Portrait of a Life (or Many): Art Songs from the African Diaspora – Art Songs by African American and Black British Composers

Friday Oct 12th 2018 at 1pm

Nadine Benjamin (soprano) Michael Harper (speaker )  Nigel Foster (piano)

Even before the turn of the 20thcentury, there were African Americans and Black British composers creating art song from African, European  and other influences.  During the 1920s, the Harlem Renaissance brought a burgeoning of a new generation of  writers, artists, and  composers projecting a self-determined voice into the world in which they lived and the lives that they inhabited.

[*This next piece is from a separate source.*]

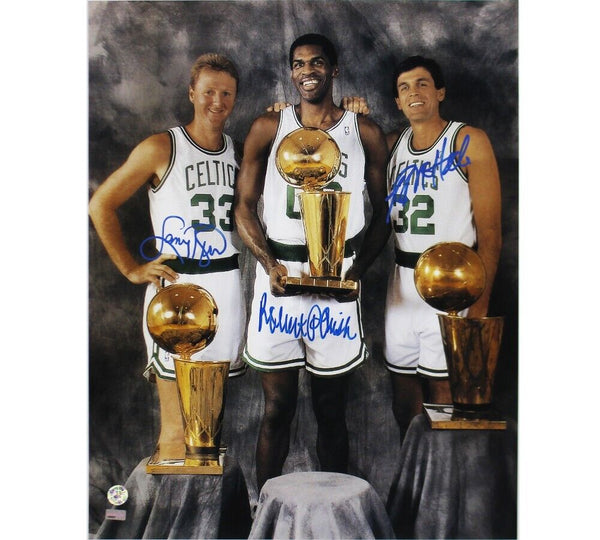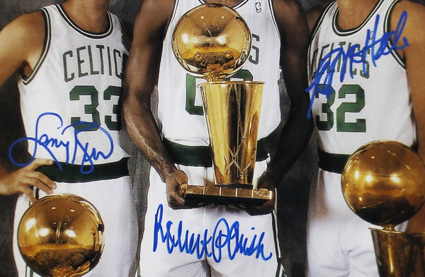 A Boston Celtics Unframed 16x20 NBA Photo hand signed by Larry Bird, Kevin McHale & Robert Parish. The item and signature are in excellent condition. AUTHENTICATION: The item is accompanied by a New England Pictures Certificate of Authenticity- New England Pictures and a Larry Bird Serial Numbered Hologram

This recital explores the art songs by African American and Black British composers and poets. It considers the works of some of the composers influenced by the history of the African Slave Trade and the insurrections against it, the Harlem Renaissance, and the movements for Civil Rights and equality – including Florence Price, Margaret Bonds, William Grant Still, and Undine Smith Moore, and British composers, Dominique Le Gendre, Shirley Thompson, Errollyn Wallen.  Their songs reveal a multitudinous approach to composition and employ both ancient and contemporary texts. These composers and poets have mined the rich seams of  African, European and other influences and reflect  through their song a portrait of a life (or many) in the African diaspora.  They have left us with a legacy of song that deserves a place in the canon of classical song literature.